Robert Holguin and Alfredo Corchado.

As an award-winning journalist, Alfredo Corchado has been writing about the U.S.-Mexico border for the better part of three decades. But in his most recent book, "Homelands," Corchado's writing takes a more personal turn.

"Being an immigrant myself, I've always been curious about what my parents sacrificed for what they call the American dream. So I'm always curious about what is the American dream," he said.

Corchado's new book is part memoir, a narrative that starts when Corchado worked for The Wall Street Journal in Philadelphia. He had left his home in El Paso and was homesick. He went into a Mexican restaurant and made three friends: an activist, a lawyer and a restauranteur.

"We center our friendship around one question and that's: 'How do we fit in?' And you're asking this question in the city which is really considered the birth of this nation: Philadelphia. And I'm coming from what I consider the Ellis Island of the Southwest: El Paso. And so this is a coming together."

Those friendships form the basis of the book, a way to examine the story of Mexican immigration to the U.S.

"I think also a story about unrequited love, where you're trying to belong, to find the respect of the country you left behind, which is Mexico, and the same, the country you now belong to, which is the United States."

The book also delves deeply into a shift in America's demographics.

"Following IRCA (the Immigration Reform and Control Act), amnesty signed by President Regan, all of a sudden you have an explosion of Mexican immigrants but really immigrants of all types of all backgrounds moving across the country," Corchado said.

Corchado spent 20 years as the Mexico City bureau chief for The Dallas Morning News. His previous book, "Midnight in Mexico," focused on the Mexican drug trade. He said his new book is a prequel to "Midnight in Mexico."

As a reporter, Corchado has gained a unique perspective on changing tides of immigration policy.

"Anytime I use the word 'immigration' or even 'President Trump,' I know I'm going to be flooded with emails because it is such a divisive time," he said.

In 2015, Corchado left journalism for academia and taught at Arizona State University. But then the presidential election of 2016 happened.

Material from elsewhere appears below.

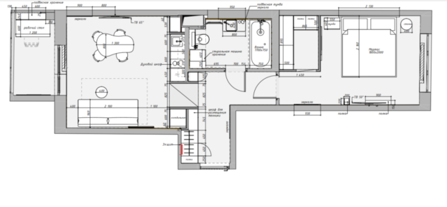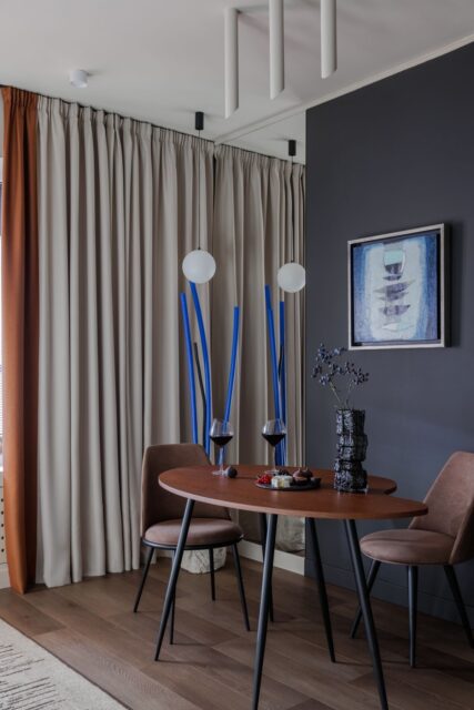 Обеденный стол- это отдельный арт объект в концепции всего интерьера и с учетом основного рода деятельности хозяина квартиры. Множество ног стола под разным углом будто сошли с картины «Пейзаж», а столешница сделана в форме палитры художника.
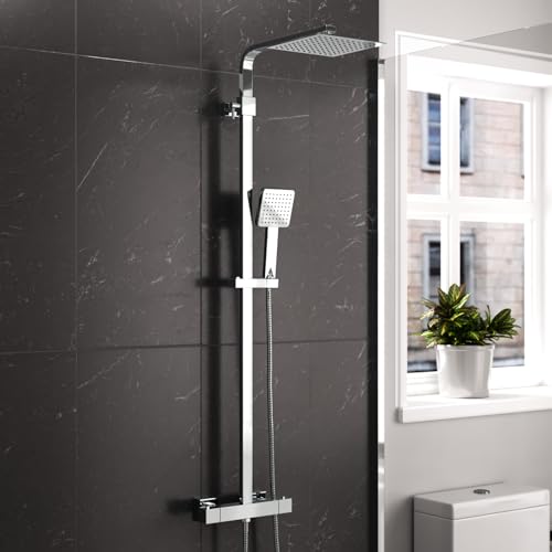 Lois Modern Bathroom Thermostatic Shower Mixer Bar Valve Tap Square Head Exposed

"You kind of feel the calling back to your profession," he said.

Corchado is back with The Dallas Morning News, based now in his hometown of El Paso.

"In 'Homelands,' I study many cities and I'm convinced 100 percent that El Paso is one of the greatest American cities that there is and I'm lucky to be here at this time," he said.

Corchado is scheduled for a book signing on Wednesday at 5411 N. Mesa Street at 5 p.m.